TAIPEI -- Taiwan is hoping to hold a third meeting of a Taiwan-Japan fishing commission soon to address issues related to the regulation of fishing operations in their overlapping waters in the East China Sea, an official said Thursday.

“We hope to hold the meeting as soon as possible,” said Lo Koon-tsan, secretary-general of the Association of East Asian Relations, which is responsible for handling ties with Japan in the absence of diplomatic relations.

The goal of the meeting is to establish fishing order in a designated area of the East China Sea in which Taiwanese and Japanese fishermen are allowed to operate freely, Lo added.

The first meeting took place in May in Taipei, while the second was held Dec. 26 in Tokyo.

During the Dec. 26 meeting, the two sides remained divided on fishing operations in their overlapping waters in the East China Sea, but agreed to continue negotiating on the issue, the Ministry of Foreign Affairs said.

The Tokyo talks came after representatives from fishermen's associations from Taiwan and Japan met in Yilan County, eastern Taiwan, for talks earlier in the month about the differences in their fishing methods.

One sticking point of that meeting involved the direction in which fishing lines are deployed and the distance maintained between longline fishing boats while they are operating in the overlapping exclusive economic zones.

The Japanese side proposed that the two sides adopt its operating method, which requires fishing boats to set their lines in a north-south direction and to maintain a four-nautical-mile distance between each boat.

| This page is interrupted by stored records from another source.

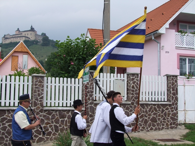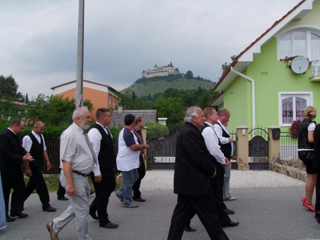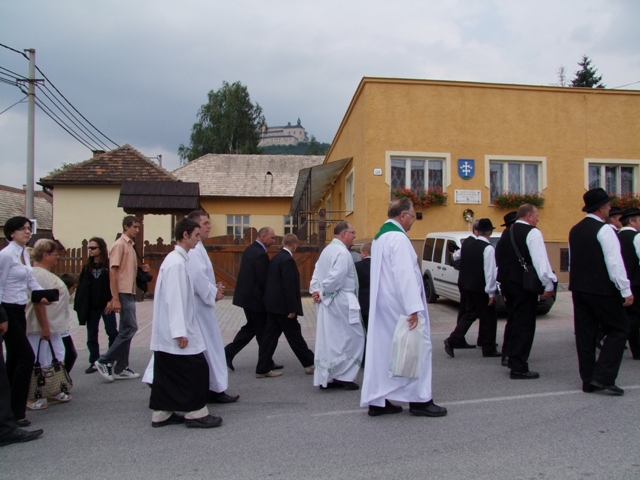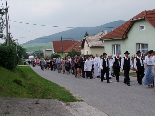 Po skončení omše sa sprievod s prítomnými i oboma kňazmi vybral naprieč dedinou až k bráne, ktorú občania dostali ako dar z družobnej obce, aby ju slávnostne odovzdali a požehnali.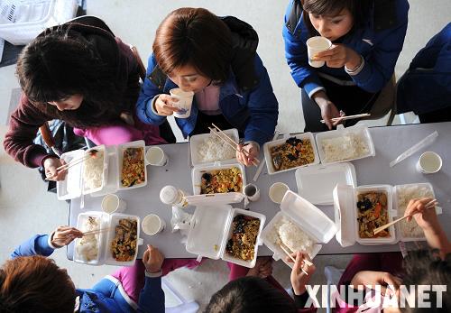 圖為“籃球寶貝”們在比賽前吃盒飯。(3月1日攝)新華社記者李鋼攝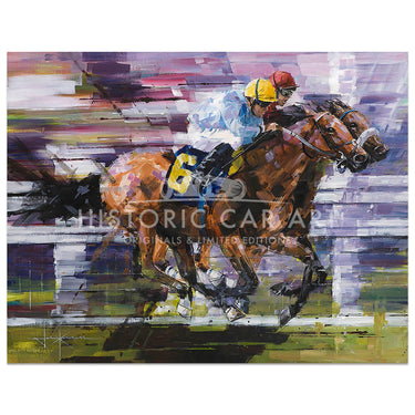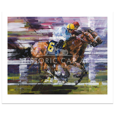 Limited edition print - Dynamic contemporary horse racing painting. Qatar and winestock colours.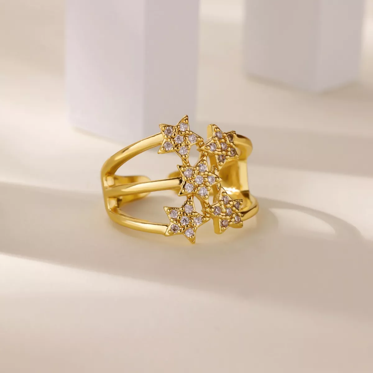 Luxury 18K Gold Plated Zircon Star Adjustable Ring for Women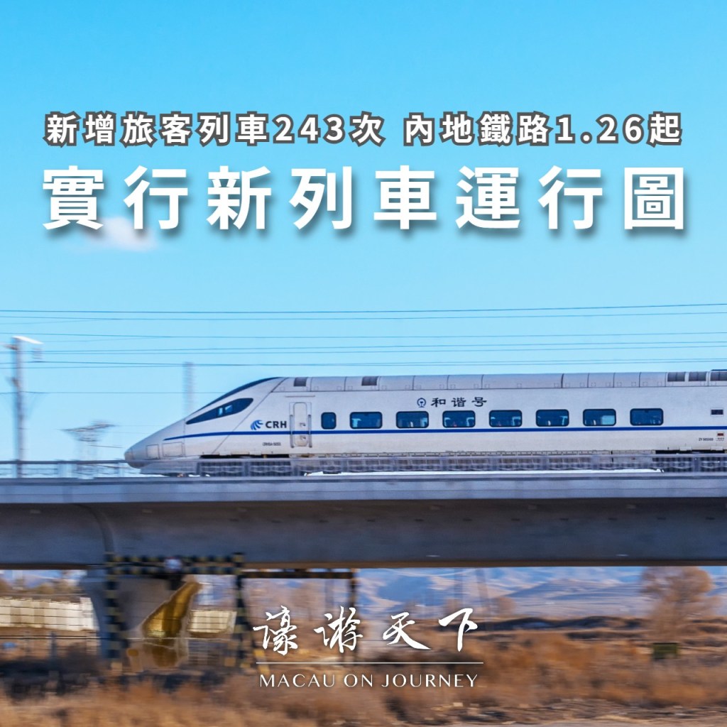 1月26日零時起,內地鐵路將實行新的列車運行圖。調圖後,全國鐵路安排圖定旅客列車12,130列,較現圖增加243列。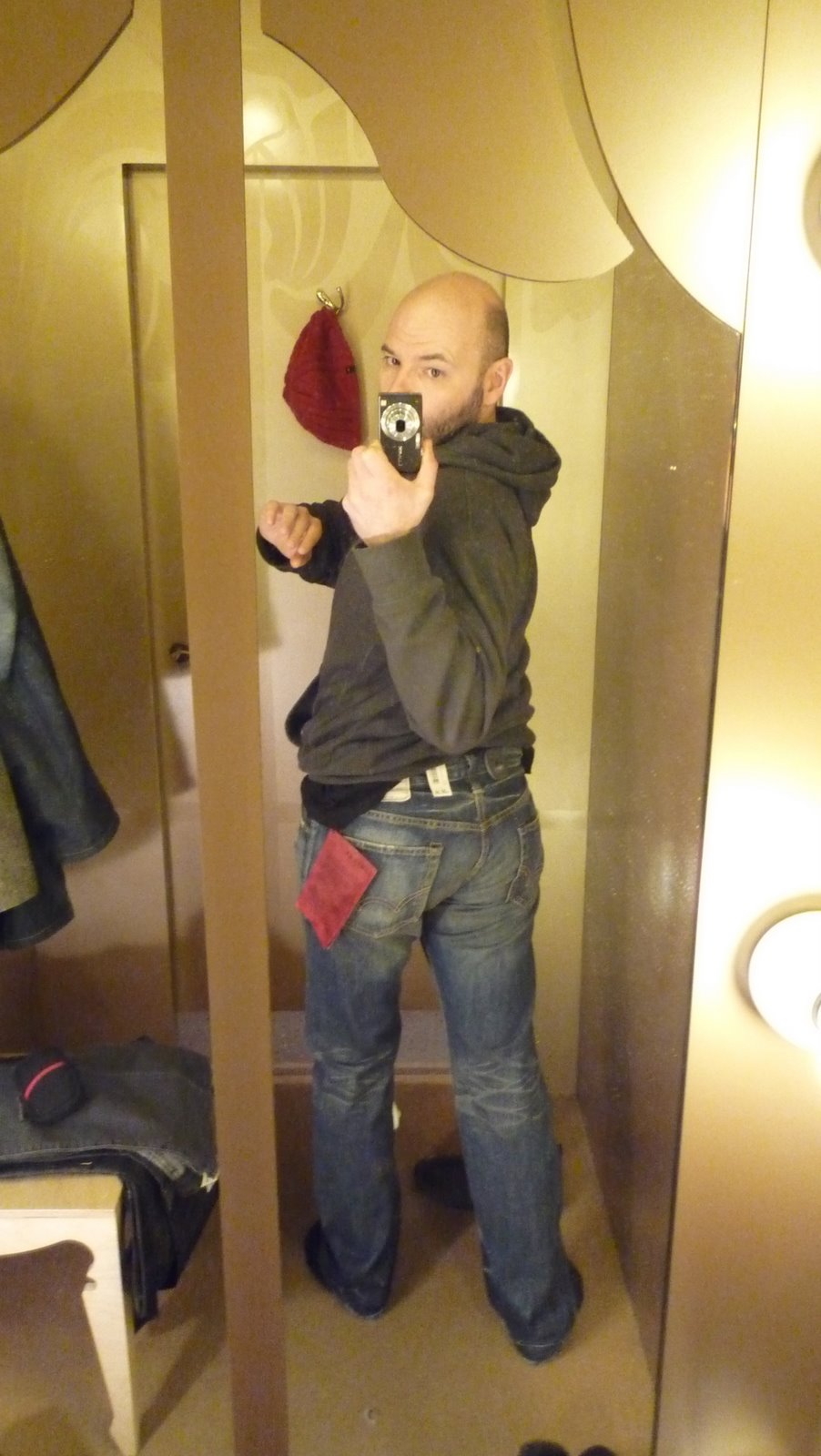 Nous nous engageons ensuite sur le Meir, la principale artère commerçante d’Anvers. Chouchou ne m’a pas dit que du bien des Flamands et de leur attitude envers les non-néerlandophones, mais une chose est certaine: cette ville est ravissante, un vrai régal pour les yeux. Dommage que le froid de canard n’incite guère à s’arrêter tous les trois pas pour ôter ses gants et mitrailler les bâtiments. L’arrêt suivant est pour le magasin Urban Outfitters, une marque que nous adorons tous les deux depuis que je l’ai faite découvrir à Choucou à Londres fin juillet, puis à Copenhague en septembre. Au terme d’une trèèèèès longue attente devant les cabines d’essayage, Chouchou repart avec un jean à… 99 euros – mais qui en coûtait le double à l’origine. J’ai flashé sur le modèle, et il paraît qu’il lui va comme un gant. Il me le fait vérifier avec les photos qu’il a prises en se contorsionnant devant un miroir: ah ouéééé. Vendu. Pendant ce temps, j’ai fait le tour des rayons femme et déniché une géniale capeline en feutre kaki qui sera parfaite pour la mi-saison, ainsi qu’un T-shirt un peu graphique, pas soldé hélas et que je dois prendre en L car le M me serre trop sur la poitrine (gni? mes seins se seraient-ils enfin décidés à pousser? mieux vaut tard que jamais, hein).

The Taiwanese side, which has more fishing boats operating in the area, advocated keeping its traditional approach, which is to deploy lines in an east-west direction and maintain a one-nautical-mile distance between boats.

The Taiwan-Japan fishing commission was established as part of an agreement signed April 10, 2013, by Taiwan and Japan on fishing rights in waters in the East China Sea near the disputed Diaoyutai Islands, known as the Senkakus in Japan.

Under the terms of the April agreement, Taiwanese and Japanese boats can operate freely in a 74,300-square-kilometer area around the disputed Diaoyutai islands, Taiwan's Fisheries Agency said.

That gives Taiwanese fishermen an additional 4,530 square kilometers in which they can operate free of harassment by the Japanese authorities, the agency said.

The Diaoyutais, some 100 nautical miles northeast of Taiwan, have been under Japan's administrative control since 1972 but are also claimed by Taiwan and China.